-Synku, ja mam lęk wysokości - jęknęła słabym głosem.
-Ale to ja będę skakał, nie ty!
-Nie szkodzi. I tak mam.
Po pierwszej przeczytanej książce Katarzyny Michalak, wydawałoby się, że do żadnej pozycji nie wrócę, jednak rok później dostałam w swoje ręce inny tytuł autorki i ten - zachowując specyficzny język - mam wrażenie, że zaliczył progres, przez co w żaden sposób nie potrafiłam się nastawić na to, co przyniesie Wiosna w Przytulnej.
Historia opowiada o rodzinie Gawroszów, która do tej pory żyła w niewielkim mieszkaniu w bloku. Członków jest całkiem sporo, a do tego wszystkie imiona zaczynają się na literę A. Poza tym, że mają swoje marzenia, gdzie jednym z nich jest zamieszkanie w swoim własnym domu, mają też tajemnice i bolesną przeszłość. Chora Amelia, tajemnicze pieniądze Alicji, konflikt pomiędzy Azją, a Andrzejem... A to wszystko w czterech ścianach małego mieszkania.
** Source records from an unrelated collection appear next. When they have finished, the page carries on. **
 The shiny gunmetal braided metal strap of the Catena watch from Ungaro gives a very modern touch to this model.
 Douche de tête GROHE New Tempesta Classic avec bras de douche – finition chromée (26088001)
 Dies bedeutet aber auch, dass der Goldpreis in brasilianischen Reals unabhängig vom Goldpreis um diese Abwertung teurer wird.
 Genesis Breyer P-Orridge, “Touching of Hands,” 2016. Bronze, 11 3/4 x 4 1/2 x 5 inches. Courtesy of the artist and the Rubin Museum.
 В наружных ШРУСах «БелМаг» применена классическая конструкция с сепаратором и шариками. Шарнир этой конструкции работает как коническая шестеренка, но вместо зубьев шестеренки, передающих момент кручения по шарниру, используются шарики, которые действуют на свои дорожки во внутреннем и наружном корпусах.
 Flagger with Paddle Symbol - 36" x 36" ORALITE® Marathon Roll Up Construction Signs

Perypetie rodziny same w sobie nie były porywające, choć mam wrażenie, że autorka nawrzucała im tak wiele problemów w krótkim czasie, że czuję się zmęczona dynamiką akcji w tym tonie. Nie było chwili wytchnienia w których moglibyśmy poznać bohaterów, czy ich polubić, co nie powinno być trudne, skoro wszystko kręciło się wokół tych kilku postaci. Trochę można przez to było można odnieść wrażenie, że świat dookoła nich nie istnieje. Jak już się ktoś pojawił z zewnątrz, to na kilka zdań i to tylko po to, żeby nakręcić dalszą akcję.
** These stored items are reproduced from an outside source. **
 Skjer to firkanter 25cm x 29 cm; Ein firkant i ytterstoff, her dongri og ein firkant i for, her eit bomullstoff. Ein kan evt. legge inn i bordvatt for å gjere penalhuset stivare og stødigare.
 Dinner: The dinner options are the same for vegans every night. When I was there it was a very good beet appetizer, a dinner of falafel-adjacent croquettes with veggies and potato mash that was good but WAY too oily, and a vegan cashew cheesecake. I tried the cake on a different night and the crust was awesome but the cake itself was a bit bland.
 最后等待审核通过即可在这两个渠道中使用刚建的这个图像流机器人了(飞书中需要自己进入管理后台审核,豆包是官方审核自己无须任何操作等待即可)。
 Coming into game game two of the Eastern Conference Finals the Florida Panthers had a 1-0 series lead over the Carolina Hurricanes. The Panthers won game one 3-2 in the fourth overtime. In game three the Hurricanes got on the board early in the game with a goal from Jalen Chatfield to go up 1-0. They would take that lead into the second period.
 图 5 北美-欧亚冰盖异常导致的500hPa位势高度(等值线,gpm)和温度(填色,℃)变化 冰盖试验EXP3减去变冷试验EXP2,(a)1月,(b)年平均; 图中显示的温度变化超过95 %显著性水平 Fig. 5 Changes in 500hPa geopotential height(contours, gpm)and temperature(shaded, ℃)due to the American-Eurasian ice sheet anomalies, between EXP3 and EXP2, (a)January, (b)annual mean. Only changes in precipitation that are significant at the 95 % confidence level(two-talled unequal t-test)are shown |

Bohaterowie są emocjonalni, ale tak do bólu, że na każde kolejne zalewy łzami, miałam ochotę przewracać oczami. Jednocześnie tak nierealistyczne reakcje, szybkie wybuchy gniewu niczym na jakiejś huśtawce hormonalnej sprawiały, że gdzieś to uwierało podczas czytania.
Czuć w tym zbyt dużo słodkiej gładzi po której się nasza rodzina ślizga, bo mimo wszelkich niewdzięczności losu, jakoś zawsze wychodzą na swoje. Spłycone zostały trochę tematy traum, ostatecznie niewiele wynikło z tematu domu, który od pierwszych zdań był mocno podkreślany.
Książkę przeczytałam w całości, jednak już pod koniec rozdziały zaczynały się dłużyć, a po ostatniej stronie poczułam się jakbym wróciła ze spotkania podczas którego ktoś cały czas opowiadał o jednej rzeczy w kółko.
Nie mogę powiedzieć, żeby książka była jakaś super. Trochę nudnawa, choć akcji było dużo. Może to przez to, że pojawiło się ilościowo wiele wątków, jednak jakościowo nie zostały rozwinięte, choć wiele z nich można byłoby pociągnąć dalej. Nawet jeśli nie fabularnie, to chociaż przystopować z pędem fabuły i bardziej zagłębić się w przemyślenia i wspomnienia bohaterów. Pewnie wyszłoby to na plus, gdyby usunięto zamiast tego bezsensowne dialogi.
Nie polecam, nie odradzam. Ot obyczajówka.
Pozdrawiam, Klaudia 🌞
Brak komentarzy:
Prześlij komentarz
Komentując zostawiasz po sobie niezmywalny ślad i przy okazji motywujesz do działania. Zostaw w komentarzu adres swojego bloga, na pewno odpowiem :)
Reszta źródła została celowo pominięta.